Intel Instances for HPC Workloads
The tests below were conducted on AWS instances that are based on various generations of Intel® Xeon® processor in a hyper-threaded configuration. This custom processor can reach an all-core Turbo clock speed of up to 3.5GHz and features Intel® Turbo Boost Technology 2.0, Intel® Advanced Vector Extensions 512 (Intel® AVX-512), and Intel® Deep Learning Boost. These new offerings deliver a better value proposition for general-purpose and memory-intensive workloads compared to the prior generation (e.g., increased scalability and an upgraded CPU class), including better performance.
What Is GROMACS?
The GROMACS application is a compute-bound application (FLOPS). The workloads in this application are latency sensitive for any communication (socket-socket, CPU-GPU and multi-node). It does take benefits from AVX-512 (Y), compute bound (Y) (excluding ionchannel – it is MPI bound on 8-16 nodes), benefits from Turbo (Y), benefits from HT/SMT (Y).
The workloads that we have considered for our benchmarking are publicly available:
- lignocellulose (3M atoms, RF type); Lignocellulose is useful as an example of scalability demonstration.

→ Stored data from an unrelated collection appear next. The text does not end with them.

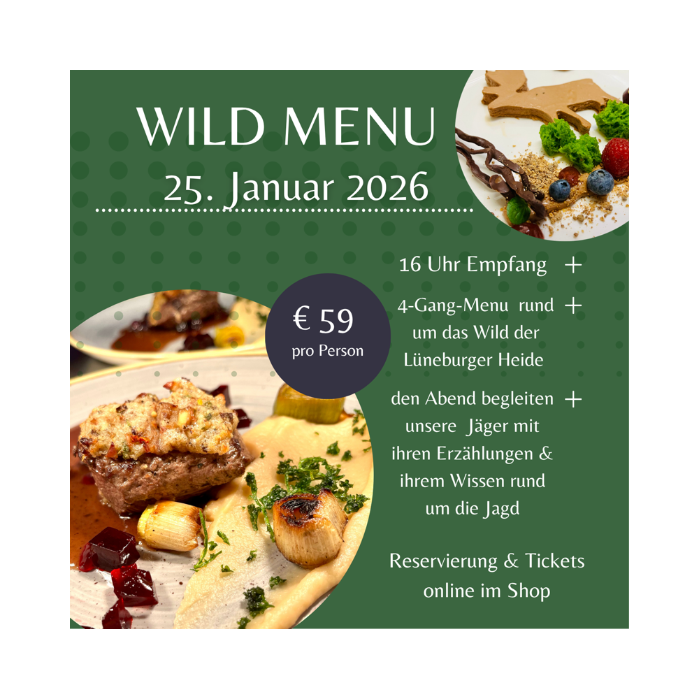 Starten Sie den Abend um 16 Uhr mit einem Empfang, bevor Sie ein exquisit zusammengestelltes 4-Gänge-Menü genießen – alles inspiriert vom besten Wild der Lüneburger Heide.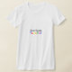 A t shirt featuring the text "first grade teacher" with "teacher" in a fun font of rainbow colors. Shirt available in other colors and styles including long sleeves, men's, and more.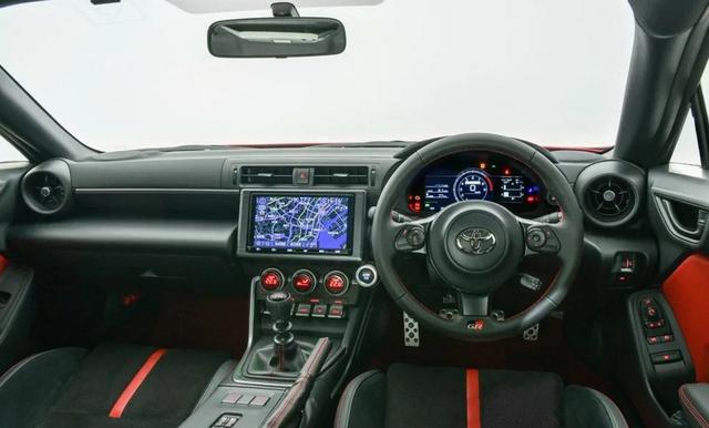 内饰方面,虽然整体布局变化不大,中控台也保留了大量的物理按键,但是GR 86无疑更加现代化,配备了覆盖面更大的液晶仪表,空调旋钮还带有液晶显示。同时还有包裹性更佳的运动座椅,采用皮+绒面进行包裹,并具备加热功能。而红色缝线、GR徽章为的就是彰显新车的运动气息和身份。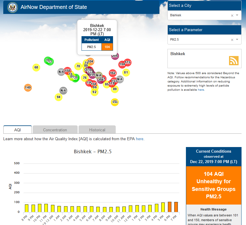 Посольство США в Кыргызстане также установило датчик. Он показывает индекс качества воздуха в режиме онлайн. Информация обновляется ежечасно.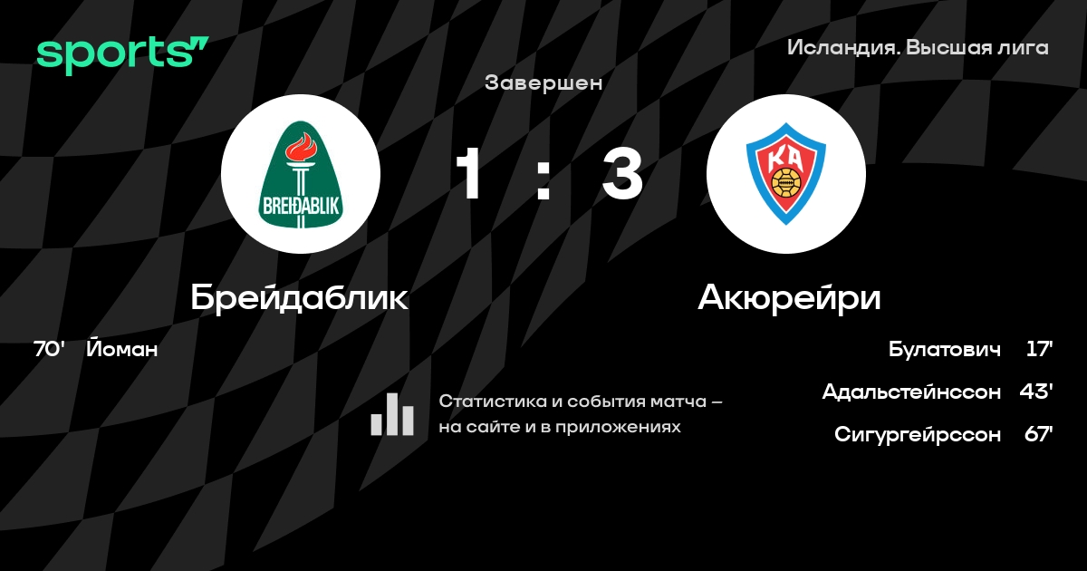 Rajkovic - Булатович, Ториссон, Viðarsson, Трнинич, Williams - Ормарссон, Стейнгримссон, Торстейнссон - Адальстейнссон, СигургейрссонЗапасные: Birnuson, Árnason, Адальстейнссон, Petursson, Jónsson, Люнг, Хафстейнссон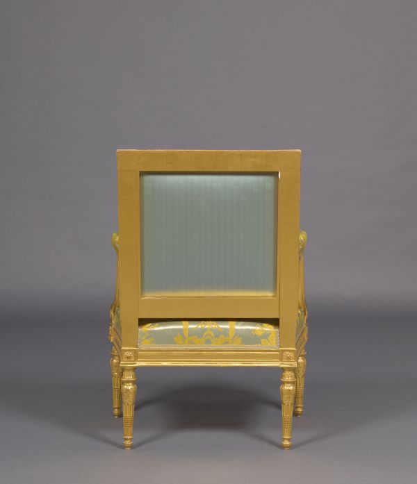 En juillet 1791, l'ensemble est envoyé dans le grand cabinet de Marie-Antoinette au palais des Tuileries (marque au fer) et complété par deux demi-canapés, deux tabourets et une chaise haute commandés à Jean-Baptiste-Claude Sené (1747-1803).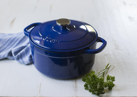 Experience Culinary Excellence with the Lodge 5.5Qt Indigo Enameled Dutch Oven

- water_rf (1,5M atoms, RF type)
How to Get Intel Benefits
3rd Gen Intel Xeon Scalable processors provide significant performance gains for the GROMACS workload that are accelerated by the Intel AVX-512 and Intel Deep Learning Boost technologies. This acceleration provides significant benefits at lower node count (greater than 2x). It becomes more limited as we scale into larger node count due to lower network bandwidth of C6i.32xlarge and M6i.32xlarge. Customers running this GROMACS workload can realize significant performance gains by deploying on 3rd Gen Intel Xeon Scalable instance types at AWS (M6i, C6i) vs. running on previous generation Intel Xeon Scalable processors at AWS.